Jenis Luka Menentukan Tindakan Medis
Dalam penelitian tersebut, cedera tulang paha hampir selalu ditangani dengan pembersihan awal sebelum kaki dibuang. Sedangkan untuk cedera tulang kering, semut hanya membersihkannya.
Menurut Frank “Cedera tulang paha (femur) mengharuskan mereka mengamputasi kaki, dan memiliki tingkat keberhasilan sekitar 90% atau 95%. Untuk tulang kering (tibia) yang tidak diamputasi, tingkat kelangsungan hidup mencapai 75%.”
Anatomi kaki tampaknya menjelaskan perbedaan ini. Jaringan otot di dalam tulang paha dapat terganggu jika dibiarkan utuh. Sedangkan tulang kering memiliki kandungan otot lebih sedikit dan memainkan peran lebih kecil dalam mengalirkan darah melalui kaki.
“Jadi, karena mereka tidak bisa memotong kaki dengan cepat, untuk mencegah penyebaran bakteri bahaya biasanya mereka membatasi kemungkinan infeksi dengan menghabiskan waktu untuk membersihkan luka tulang kering,” jelas penulis senior dan ahli biologi evolusi Universitas Lausanne, Laurent Keller.

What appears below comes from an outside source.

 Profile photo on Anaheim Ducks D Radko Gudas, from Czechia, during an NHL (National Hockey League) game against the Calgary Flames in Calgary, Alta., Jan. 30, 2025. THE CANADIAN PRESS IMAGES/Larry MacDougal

Mengenal Lebih Dekat Semut Kayu Florida
Semut Kayu Florida adalah spesies yang berukuran besar, berani, dan mudah dikenali berkat tubuhnya yang berwarna cokelat kemerahan, serta kepala dan perutnya yang lebih gelap. Tidak seperti semut tukang kayu pada umumnya yang mengunyah kayu untuk membangun sarang, semut tukang kayu florida lebih suka pindah ke rongga yang sudah ada seperti rongga pohon.
Semut-semut tersebut dapat hidup selama bertahun-tahun. Mereka bertindak sebagai tenaga medis, “fakta bahwa semut mampu mendiagnosis luka, melihat apakah luka itu terinfeksi atau steril, dan mengobatinya dengan tepat dalam jangka waktu yang lama. Mereka satu-satunya sistem medis yang dapat menyaingi sistem manusia,” kata Frank.